I especially like Dupin’s secretary Nolwenn, who served his predecessor and the Commissaire before him. “Dupin admired Nolween. She was unshakably pragmatic and determined. Nothing was too much for her; it always just seemed to be a question of the--correct or incorrect--approach to something. ... Nolwenn was indispensable to him in general, but particularly because of her practically limitless local and regional knowledge.... She was a Breton woman through and through, still fundamentally suspicious of France. After all, Brittany had only been a part of France since 1532, ‘for a piddling five hundred years’--an annexation!” (73-4) Characterization is excellent.

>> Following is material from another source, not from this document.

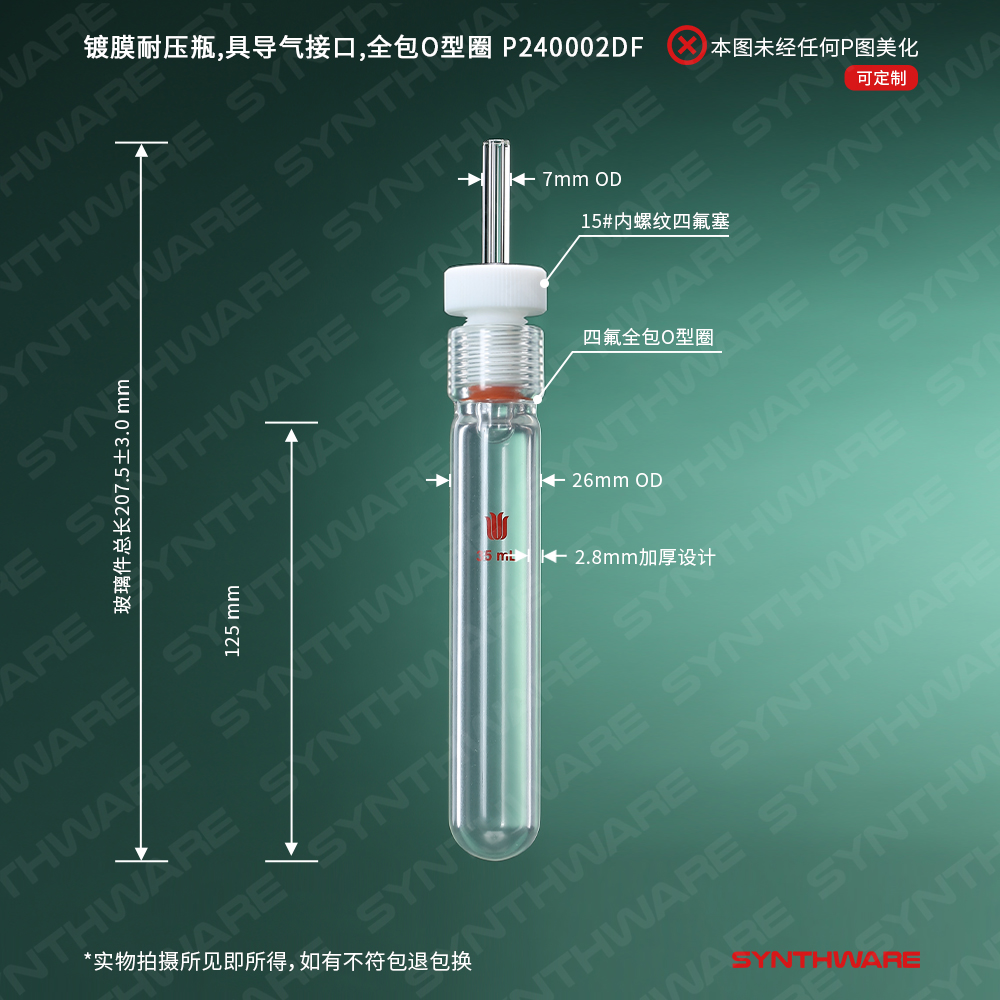 耐压瓶 > 厚壁耐压瓶 > 镀膜-具导气/真空接口(防腐密封圈)耐压瓶 > SYNTHWARE > 库存售完即止,镀膜耐压瓶,具导气接口,全包O型圈,容量35ml,15# P240002DF

Bannalec excels in using atmosphere to reveal character. “As evening came on, the light became more and more bewitching. The colours of witchcraft: everything shone brightly, warm, soft, and golden. It always seemed to Dupin as though the sun mysteriously made everything glow for a few hours before it set. Things weren’t simply lit up: they radiated light from within themselves. Dupin had never seen this kind of light anywhere else in the world, only in Brittany. He was sure this must have been one of the main reasons the painters came here. He still found it a bit embarrassing when he caught himself--the city slicker par excellence--in sentimental raptures over nature like this. And he had to admit tht it was happening more and more.” (76)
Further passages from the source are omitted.